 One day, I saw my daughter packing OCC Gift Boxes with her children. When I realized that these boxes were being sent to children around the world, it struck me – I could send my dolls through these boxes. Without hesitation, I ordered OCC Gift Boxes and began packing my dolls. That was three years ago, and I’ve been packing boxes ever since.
--
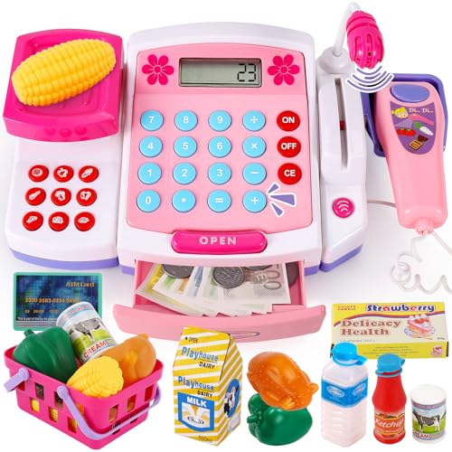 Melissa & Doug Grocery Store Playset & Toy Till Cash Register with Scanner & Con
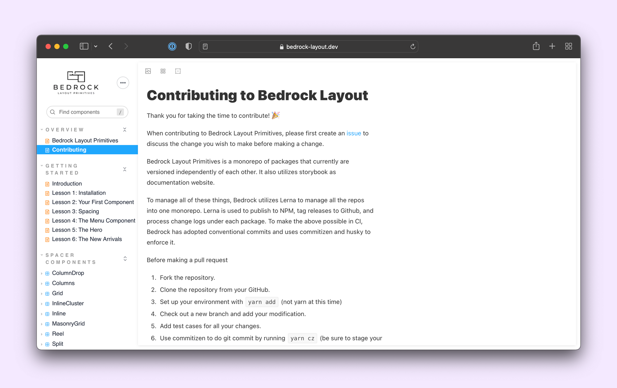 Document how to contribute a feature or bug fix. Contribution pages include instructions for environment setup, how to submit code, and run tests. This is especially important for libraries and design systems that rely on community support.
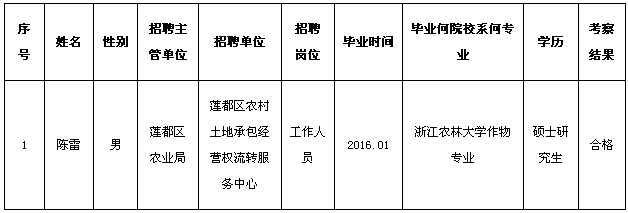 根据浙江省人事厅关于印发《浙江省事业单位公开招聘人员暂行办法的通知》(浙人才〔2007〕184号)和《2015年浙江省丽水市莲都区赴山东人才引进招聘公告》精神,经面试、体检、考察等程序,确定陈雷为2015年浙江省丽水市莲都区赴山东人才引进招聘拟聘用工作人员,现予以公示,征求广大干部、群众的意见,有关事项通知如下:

◆ Task instructions ◆
The expected output is the lines above from the one containing "Melissa & Doug" to the one containing "根据浙江省人事厅关于印发《浙", both ends included, reproduced exactly with every picture left out.

◆ Response to this task ◆
 Melissa & Doug Grocery Store Playset & Toy Till Cash Register with Scanner & Con
 Document how to contribute a feature or bug fix. Contribution pages include instructions for environment setup, how to submit code, and run tests. This is especially important for libraries and design systems that rely on community support.
 根据浙江省人事厅关于印发《浙江省事业单位公开招聘人员暂行办法的通知》(浙人才〔2007〕184号)和《2015年浙江省丽水市莲都区赴山东人才引进招聘公告》精神,经面试、体检、考察等程序,确定陈雷为2015年浙江省丽水市莲都区赴山东人才引进招聘拟聘用工作人员,现予以公示,征求广大干部、群众的意见,有关事项通知如下:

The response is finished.